▶ _Exercise brief_:
Copy, exactly as written, the lines that begin at the one containing "По страхованию иному, чем" and end at the one containing "Have any of". Skip any pictures in the data below.

▶ _Given entries_:
=== Begin Enclosure ===

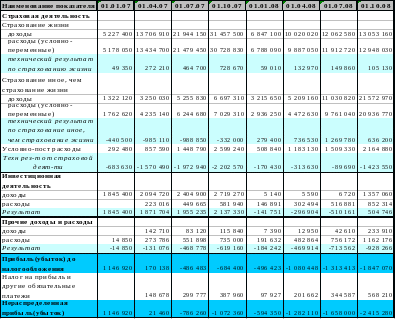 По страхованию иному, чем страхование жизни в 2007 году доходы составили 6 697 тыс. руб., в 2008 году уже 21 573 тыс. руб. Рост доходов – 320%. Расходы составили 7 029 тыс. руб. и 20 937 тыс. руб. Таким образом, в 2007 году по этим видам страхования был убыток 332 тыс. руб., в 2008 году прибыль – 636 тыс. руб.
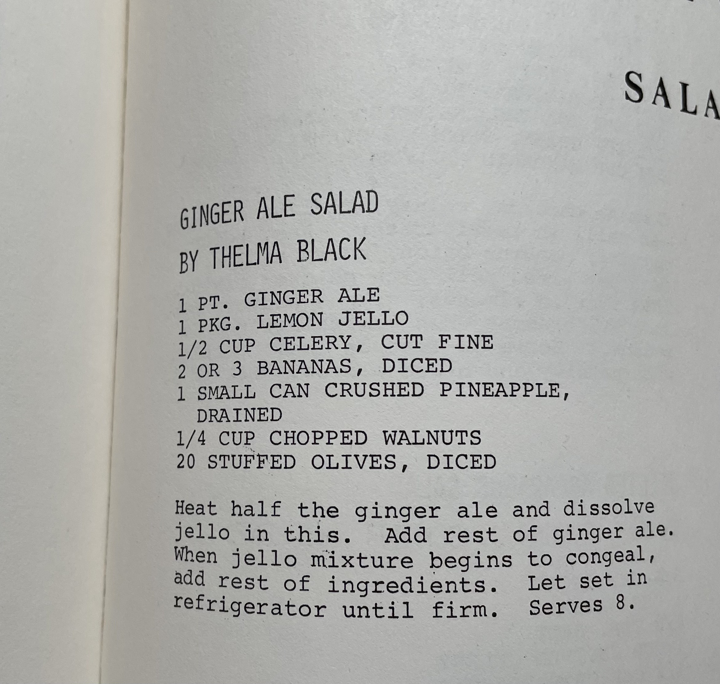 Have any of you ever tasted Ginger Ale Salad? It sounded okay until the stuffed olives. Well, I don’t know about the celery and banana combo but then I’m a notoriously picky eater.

=== End Enclosure ===
=== Begin Enclosure ===

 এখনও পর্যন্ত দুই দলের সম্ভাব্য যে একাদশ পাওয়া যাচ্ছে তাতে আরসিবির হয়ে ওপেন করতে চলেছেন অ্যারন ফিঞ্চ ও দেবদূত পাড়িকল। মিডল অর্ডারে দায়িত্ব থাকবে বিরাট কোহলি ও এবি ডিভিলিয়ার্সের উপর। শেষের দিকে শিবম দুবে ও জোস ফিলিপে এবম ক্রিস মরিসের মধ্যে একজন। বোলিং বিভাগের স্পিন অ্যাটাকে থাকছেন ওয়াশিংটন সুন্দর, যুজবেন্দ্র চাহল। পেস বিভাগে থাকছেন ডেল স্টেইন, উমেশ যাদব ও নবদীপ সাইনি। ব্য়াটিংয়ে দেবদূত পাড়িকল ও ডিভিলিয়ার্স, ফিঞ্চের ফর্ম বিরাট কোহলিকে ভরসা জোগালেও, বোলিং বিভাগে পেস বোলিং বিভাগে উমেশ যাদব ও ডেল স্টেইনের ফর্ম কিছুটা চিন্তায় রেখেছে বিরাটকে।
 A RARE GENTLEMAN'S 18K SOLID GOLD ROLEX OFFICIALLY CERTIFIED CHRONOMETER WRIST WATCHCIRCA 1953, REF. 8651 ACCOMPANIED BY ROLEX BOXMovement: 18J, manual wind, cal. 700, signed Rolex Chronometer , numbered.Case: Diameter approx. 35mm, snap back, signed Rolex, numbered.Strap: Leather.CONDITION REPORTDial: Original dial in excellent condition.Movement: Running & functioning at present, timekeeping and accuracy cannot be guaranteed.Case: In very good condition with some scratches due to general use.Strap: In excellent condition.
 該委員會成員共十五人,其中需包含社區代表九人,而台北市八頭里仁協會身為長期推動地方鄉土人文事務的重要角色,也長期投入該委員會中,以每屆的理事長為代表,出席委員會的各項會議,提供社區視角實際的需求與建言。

=== End Enclosure ===

▶ _Expected output_:
 По страхованию иному, чем страхование жизни в 2007 году доходы составили 6 697 тыс. руб., в 2008 году уже 21 573 тыс. руб. Рост доходов – 320%. Расходы составили 7 029 тыс. руб. и 20 937 тыс. руб. Таким образом, в 2007 году по этим видам страхования был убыток 332 тыс. руб., в 2008 году прибыль – 636 тыс. руб.
 Have any of you ever tasted Ginger Ale Salad? It sounded okay until the stuffed olives. Well, I don’t know about the celery and banana combo but then I’m a notoriously picky eater.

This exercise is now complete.